= Theruvath Raman =

Theruvath Raman (30 March 1917 – 17 October 2009) was an Indian journalist and writer. He was the founder-editor of the first evening newspaper in Malayalam Pradeepam, published from Kozhikode, Kerala.

==Career==
Born on 30 March 1917 to Theruvath Kumaran and Kunjamma in Calicut, Raman started his journalist career as the editor of Sahityakahalam weekly. It was during freedom struggle, he founded and published Kahalam weekly. He was arrested and served a six months jail term for publishing an editorial in Kahalam. He had also worked in Prabhatham weekly brought out by former Kerala Chief Minister E. M. S. Namboodiripad. Raman introduced and pioneered the concept of eveninger in Kerala by setting up and publishing Pradeepam newspaper from Kozhikode. He remained its editor more than thirty years.
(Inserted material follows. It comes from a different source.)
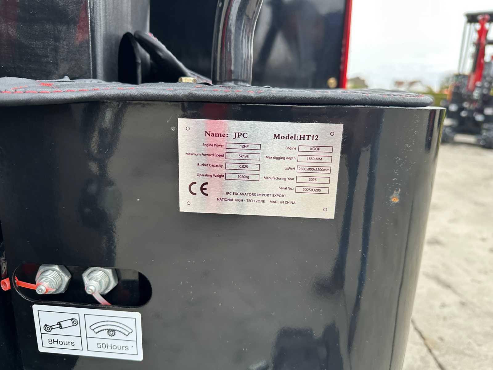 Hamerleidingen Duwblad Tandenbak Nieuw Nee Merk: JPC Type: HT12 Bouwjaar: 2025 Serienummer: 202503205 Merk motor: Koop Aantal cilinders: 1 Brandstof: Diesel Graafbak afm. b: 300mm Rups breedte: 180mm Afgelezen urenstand: 0 Eigen gewicht: 1020kg Totale afmeting L: 2500mm Totale afmeting Breedte: 950mm Totale afmeting Hoogte: 2200mm

Theruvath Raman served as a member of International Press Institute and All India Editors Newspaper Conference Standing Committee besides a member of the Press Academy. He had also been the President of Small Newspaper Association, Vice-President of Indian Small and Medium Newspapers Association, and founder president of Senior citizen. He was also a representative in the disarmament congress held in Moscow in 1962 for world peace.

==Awards and books==
Raman had received many awards including Kesari Award, Giant Outstanding Personality Award and Korean Press Centre award. He is also author of several books including Suprabhatham, Neduveerpp, Jai Hind, Buddha Charitham, Ormayude Nirangal, and Netaji.